Unless a line falls after the one with "JRS直播网02月13日据乌", retype it exactly from the records below; leave out all pictures.

- [Records provided]:
_ _ _

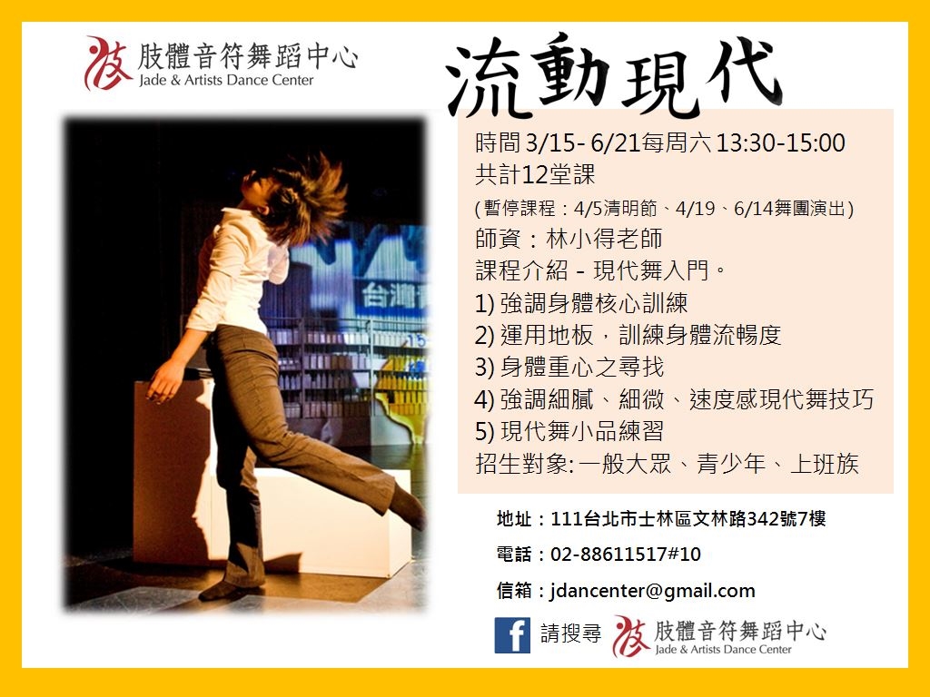 課程時間: 每週六 :流動現代課程 3/15(六)~6/21(六) 13:30-15:00( 共12堂課程。暫停課程:4/5清明節、4/19、6/14舞團演出 ) 【可單堂報名或報名一期12堂有特別優惠喔!!】
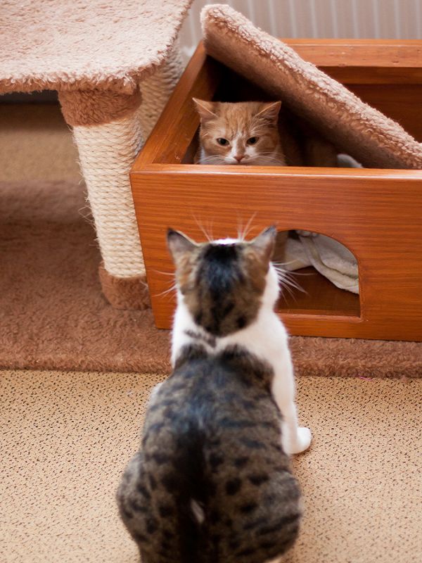 Zuhause angekommen war die Spannung natürlich groß, ob sich die beiden Katzen auch vertragen werden. Nachdem Harry ca. 24 Stunden an Daxy rumgeschnüffelt hat, wurde zwischen den beiden die Rangordnung ausgehandelt, zu unserer Freude aber ohne die Krallen auszufahren und wir hatten auch den Eindruck, dass alles mehr in spielerischer Weise ausgetragen wurde.
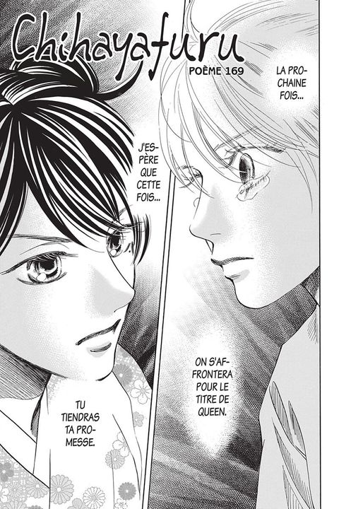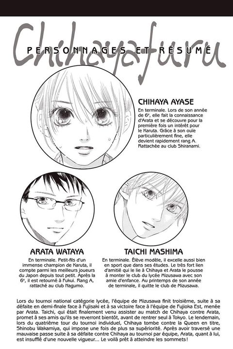 Alors que le tournoi national par équipe s'achève pour Chihaya et ses amis, Taichi, qui était venu assister à leur dernier match, leur promet que leurs chemins se recroiseront prochainement. Le lendemain a lieu le tournoi individuel, qui bat son record d'inscriptions. La compétition se déroule dans la salle Urayasu, comme un prélude au match pour le titre de Queen qui a lieu en hiver... Chihaya y défie même pour la deuxième fois la Queen, Shinobu Wakamiya. De son côté, Arata, revigoré par l'annonce de Taichi, enchaîne les victoires. Le tout dernier match sera somptueux. Mais quelle en sera l' issue ?
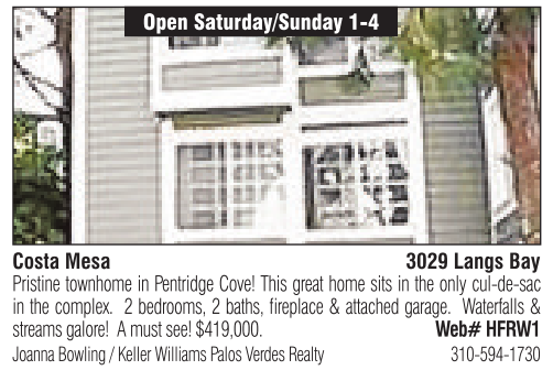 Costa Mesa Open Saturday/Sunday 1-4 3029 Langs Bay Joanna Bowling /Keller Williams Palos Verdes Realty 310-594-1730 Pristine townhome in Pentridge Cove! This great home sits in the only cul-de-sac in the complex. 2bedrooms, 2baths, fireplace &attached garage. Waterfalls & streams galore! Amust see! $419,000. Web# HFRW1
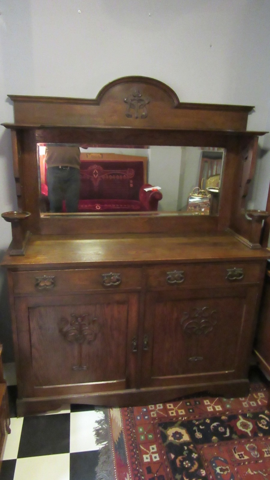 Antique Arts & Crafts Oak Mirror Back Sideboard
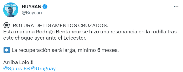 JRS直播网02月13日据乌拉圭记者Buysan报道,本坦库尔十字韧带撕裂,将至少伤缺6个月。
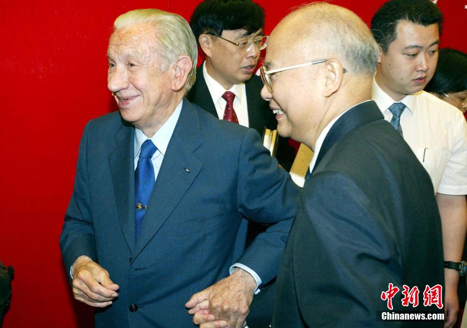 July 8, 2003 - The launch of the Chinese edition of Memories of The Olympics written by Juan Antonio Samaranch, Honorary President of the IOC, was held at the Great Hall in Beijing. He Zhenliang, executive member of IOC and Honorary President of the IOC of China, attended the event and sent his congratulations. (CNS/Mao Jianjun)
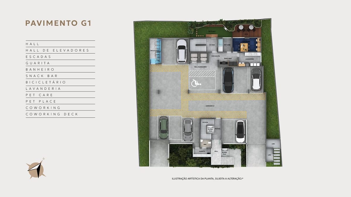 Planta baixa do Pavimento G1 do Mirantte: áreas comuns e vagas de garagem planejadas para o máximo de conveniência.
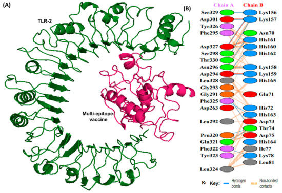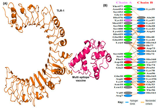 A schematic depicting the docked complex of TLR-1 and vaccine and residue interactions. (A) The TLR-1 receptor is shown in orange and the vaccine (in hot pink) is attached to it. (B) Interface residue interaction. There are 14 hydrogen bonds depicted in blue lines. Residues are shown in multiple colors to show their properties e.g positive (blue); negative (red); neutral (orange); aliphatic (gray); aromatic (purple).
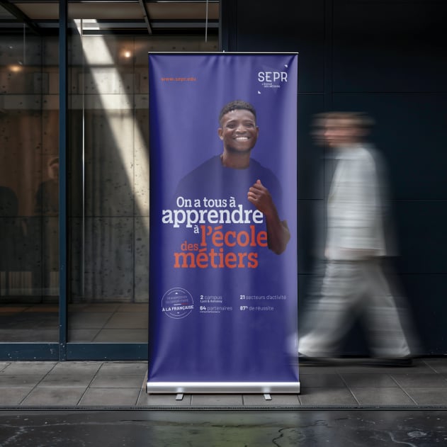 L’agence s’engage aux côtés de la SEPR au travers d’une campagne de recrutement punchy destinée aux élèves et aux entreprises. Fort de son message « On a tous à apprendre à l’école des métiers », la campagne porte haut les valeurs humanistes de l’école qui a fêté ses 160 ans en 2024.
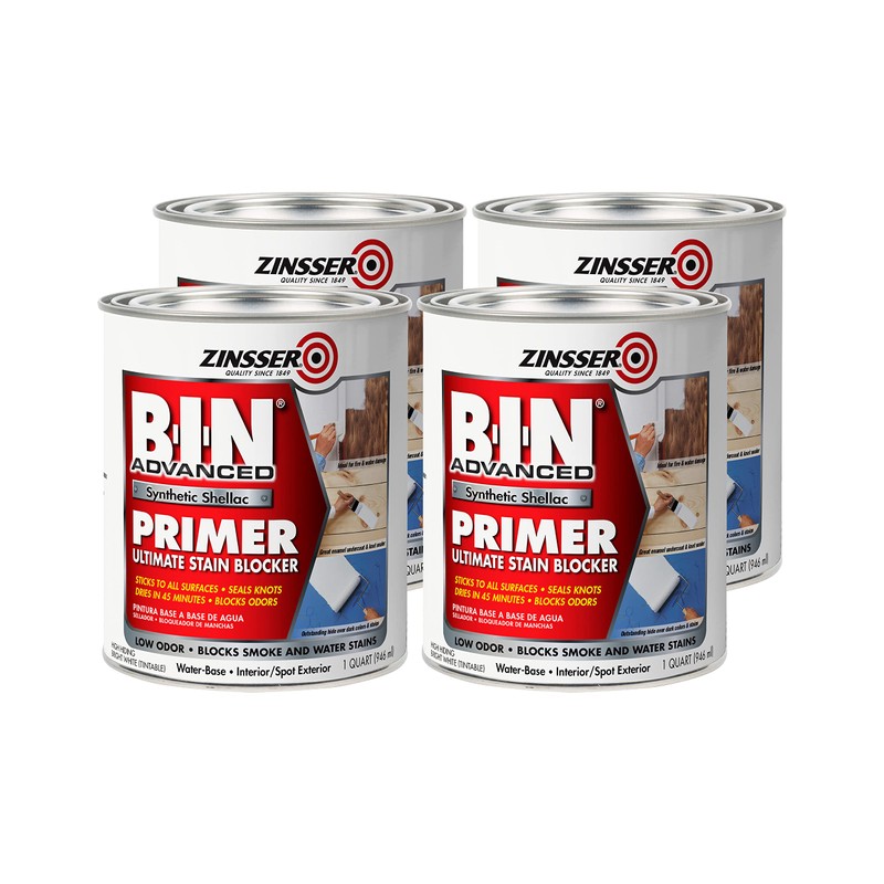 Rust-Oleum 271009 White Zinsser B-I-N Advanced Synthetic Shellac Primer, 1 Quart Can (Pack of 4)

_ _ _

- [Response to the exercise]:
 課程時間: 每週六 :流動現代課程 3/15(六)~6/21(六) 13:30-15:00( 共12堂課程。暫停課程:4/5清明節、4/19、6/14舞團演出 ) 【可單堂報名或報名一期12堂有特別優惠喔!!】
 Zuhause angekommen war die Spannung natürlich groß, ob sich die beiden Katzen auch vertragen werden. Nachdem Harry ca. 24 Stunden an Daxy rumgeschnüffelt hat, wurde zwischen den beiden die Rangordnung ausgehandelt, zu unserer Freude aber ohne die Krallen auszufahren und wir hatten auch den Eindruck, dass alles mehr in spielerischer Weise ausgetragen wurde.
 Alors que le tournoi national par équipe s'achève pour Chihaya et ses amis, Taichi, qui était venu assister à leur dernier match, leur promet que leurs chemins se recroiseront prochainement. Le lendemain a lieu le tournoi individuel, qui bat son record d'inscriptions. La compétition se déroule dans la salle Urayasu, comme un prélude au match pour le titre de Queen qui a lieu en hiver... Chihaya y défie même pour la deuxième fois la Queen, Shinobu Wakamiya. De son côté, Arata, revigoré par l'annonce de Taichi, enchaîne les victoires. Le tout dernier match sera somptueux. Mais quelle en sera l' issue ?
 Costa Mesa Open Saturday/Sunday 1-4 3029 Langs Bay Joanna Bowling /Keller Williams Palos Verdes Realty 310-594-1730 Pristine townhome in Pentridge Cove! This great home sits in the only cul-de-sac in the complex. 2bedrooms, 2baths, fireplace &attached garage. Waterfalls & streams galore! Amust see! $419,000. Web# HFRW1
 Antique Arts & Crafts Oak Mirror Back Sideboard
 JRS直播网02月13日据乌拉圭记者Buysan报道,本坦库尔十字韧带撕裂,将至少伤缺6个月。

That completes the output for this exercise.